• **Work instructions**
Give back every line of the data exactly. Pictures are not part of the copy.

• **Collected material**
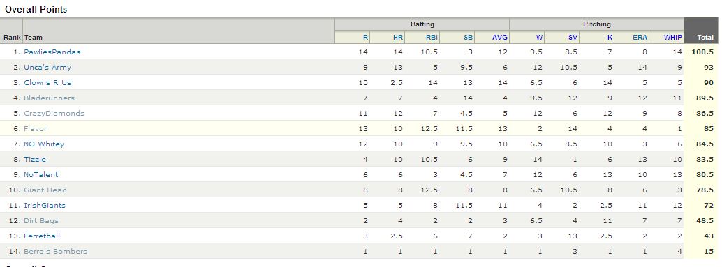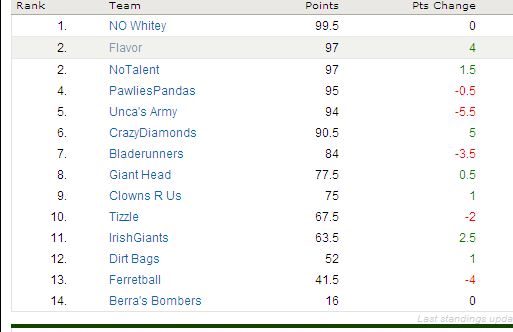 (Me and tizzle share the daily gas mask as we drop 3.5 pts each and….OMG!…rarer than a double rainbow, Berra’s Bombers gain the most daily pts of any team with a 2 pt jump in the standings. He’s at 19 pts and about to start picking off teams faster than Arazi picked off horses in the Breeder’s Cup Juvenile low those many years ago)…..
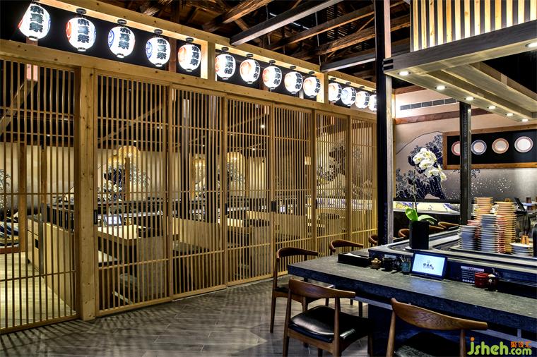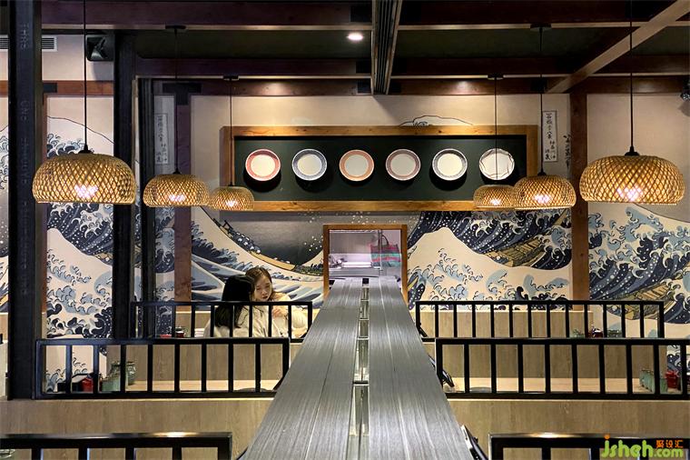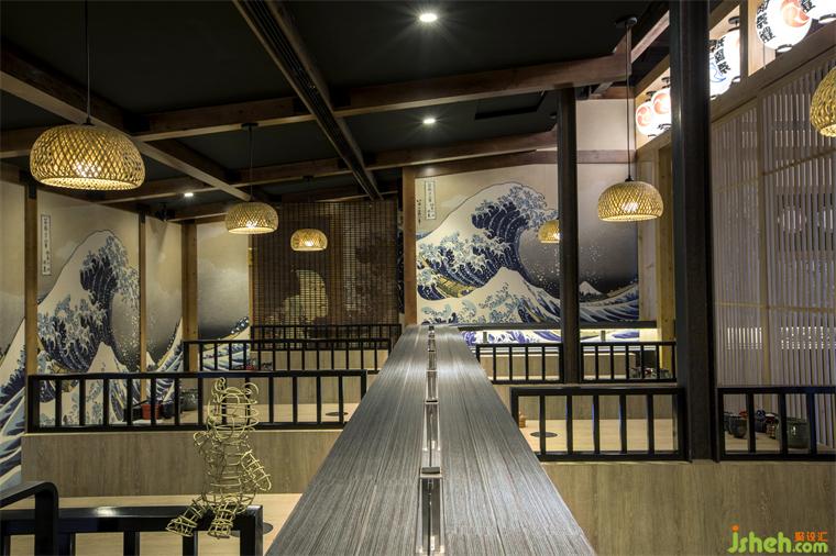 餐廳設(shè)計為強(qiáng)調(diào)『侍悟丸回轉(zhuǎn)壽司』日式料理的文化背景及食材的鮮美。整體空間以入日本最具代表性的浮世繪貫穿全場,重現(xiàn)出江戶時代的繁華,大器又華麗,更讓人猶如置身大海中享用最鮮甜的食材。
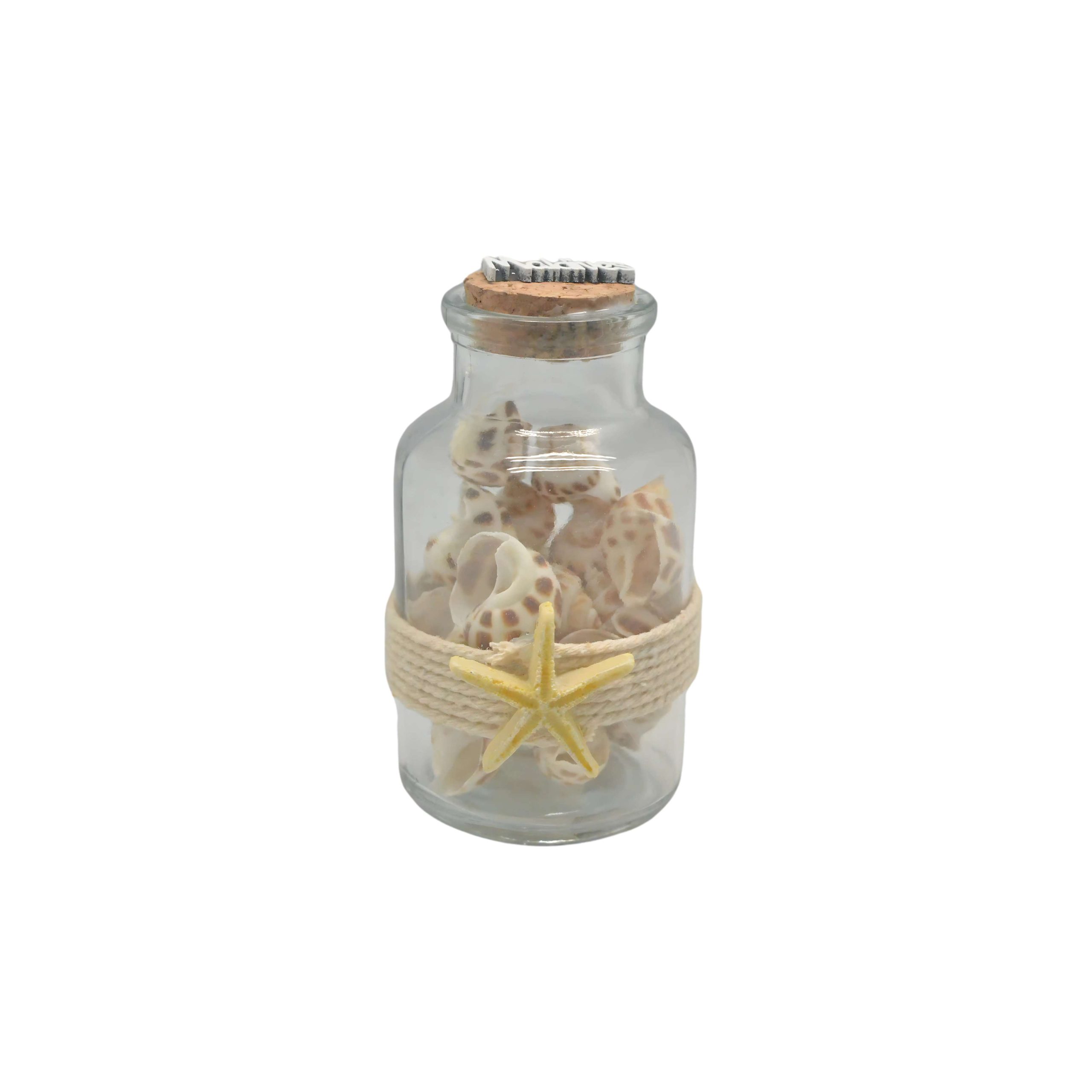 SHELL BOTTLE W/SHELL MALDIVES & STAR FISH 4″

• **Your response**
 (Me and tizzle share the daily gas mask as we drop 3.5 pts each and….OMG!…rarer than a double rainbow, Berra’s Bombers gain the most daily pts of any team with a 2 pt jump in the standings. He’s at 19 pts and about to start picking off teams faster than Arazi picked off horses in the Breeder’s Cup Juvenile low those many years ago)…..
 餐廳設(shè)計為強(qiáng)調(diào)『侍悟丸回轉(zhuǎn)壽司』日式料理的文化背景及食材的鮮美。整體空間以入日本最具代表性的浮世繪貫穿全場,重現(xiàn)出江戶時代的繁華,大器又華麗,更讓人猶如置身大海中享用最鮮甜的食材。
 SHELL BOTTLE W/SHELL MALDIVES & STAR FISH 4″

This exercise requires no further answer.